Images of Henley 2019: Getting Up To Speed In The Heats
23 July 2019
By Tim Koch
Tim Koch is late on the start.
It is said that there is an ‘immeasurable distance’ between ‘late’ and ‘too late’. The posts of my picture diaries of the 170th Henley (Royal) Regatta are certainly overdue, but I think that images of such a delightful occasion can never be ‘too late’. This post covers the heats run on Wednesday, Thursday and Friday. The next three will focus on Saturday’s semi-finals, followed by Sunday’s finals, and finally, the King’s Cup events. As usual, I have made no attempt at some sort of comprehensive coverage, in pictures or in text. My aim is simply to capture the on and off water atmosphere of something that is half modern sporting event and half Edwardian Garden Party, an occasion that attracts bobs both wet and dry, one that is a private party and an open house, an event that is a British national treasure with an international appeal.

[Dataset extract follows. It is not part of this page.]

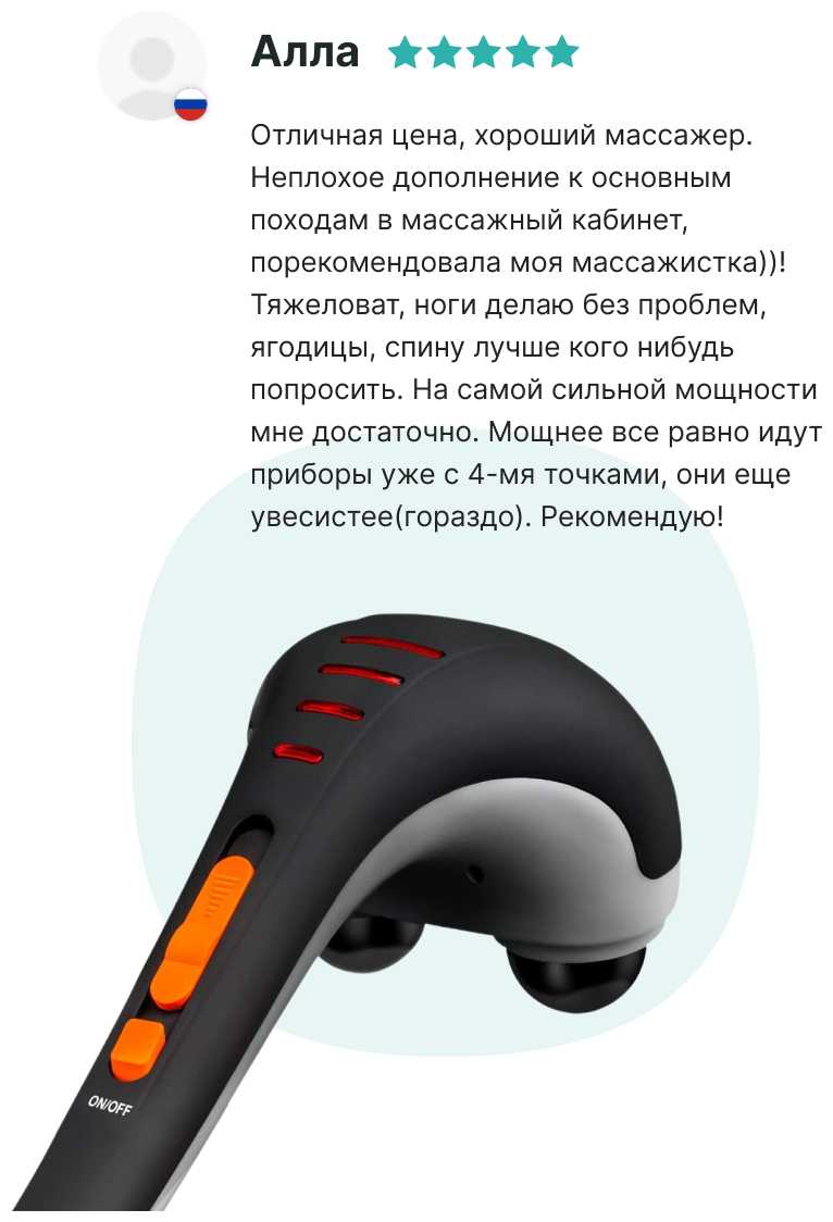 - - Самому себе спину не совсем удобно массировать. Тяжеловат массажер. Лучше, чтобы кто-то другой помог. В остальном нареканий никаких нет
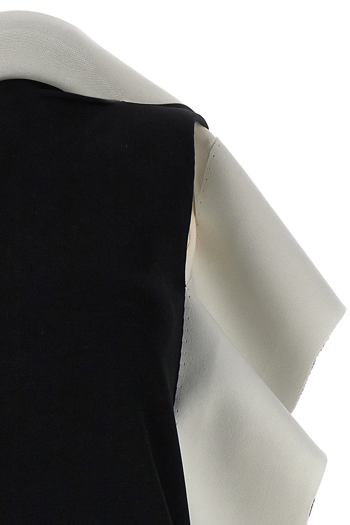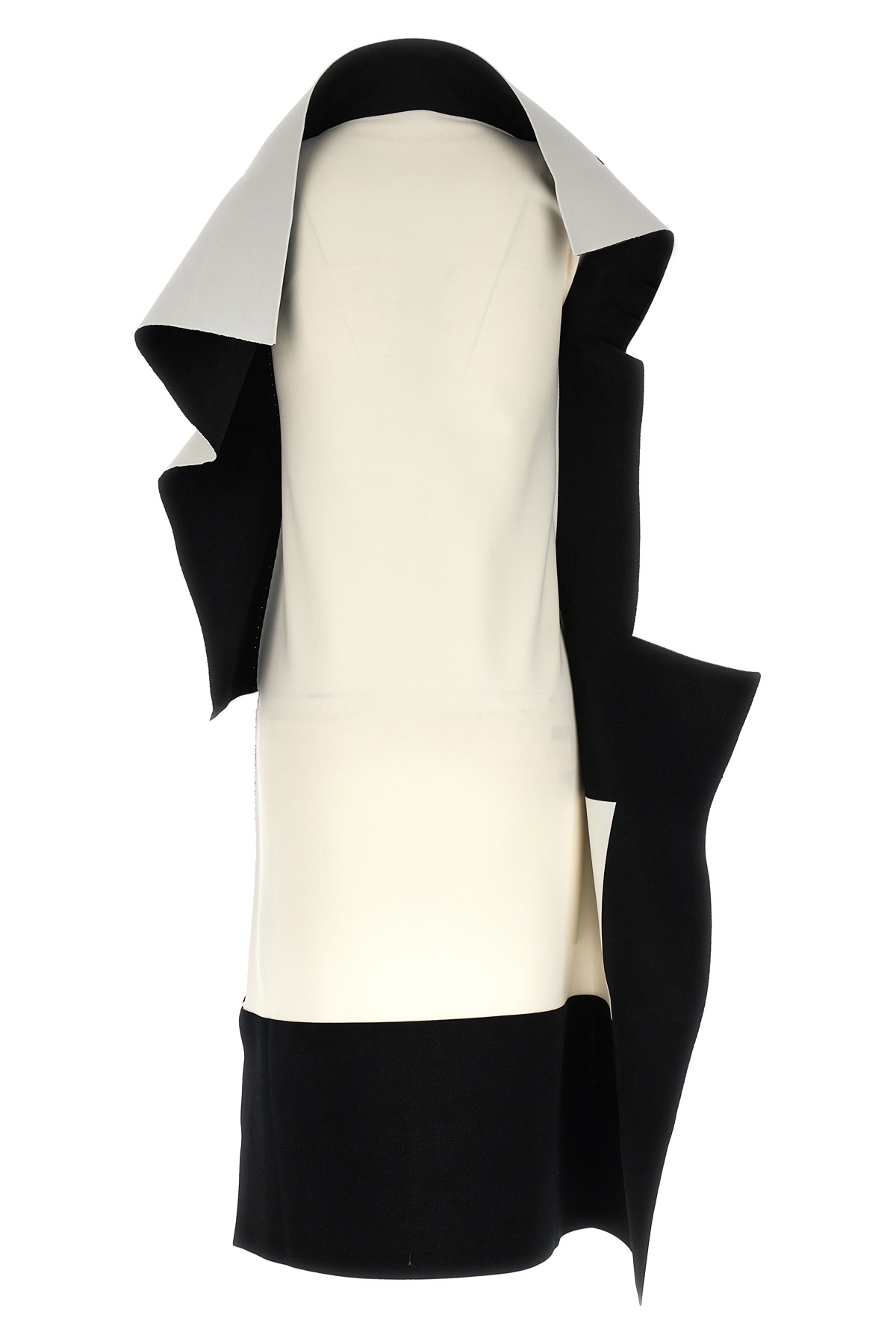 'Shaped Canvas' dress in deconstructed colorblock fabric.

Thursday’s biggest shock came when Henley favourite, two-time Olympic champion and six-time winner of the Diamond Challenge Sculls, Mahe Drysdale, was defeated in the opening day of the Diamond Challenge Sculls by student Matt Brigham of Leeds University.
Friday saw four races to decide the semi-finalists in The King’s Cup. France, Germany, Australia and the United States of America all won their heats, putting out Britain, Canada, New Zealand and the Netherlands.
“… London Rowing club won ‘by the narrowest of margins’, but the official verdict, delivered an hour after the race, was one inch.”
Wasn’t there a time when very narrow margins (more than just an inch) were judged to be a dead heat, because ithe bows were alternating with each stroke, it just chance which one crossed the finish line first?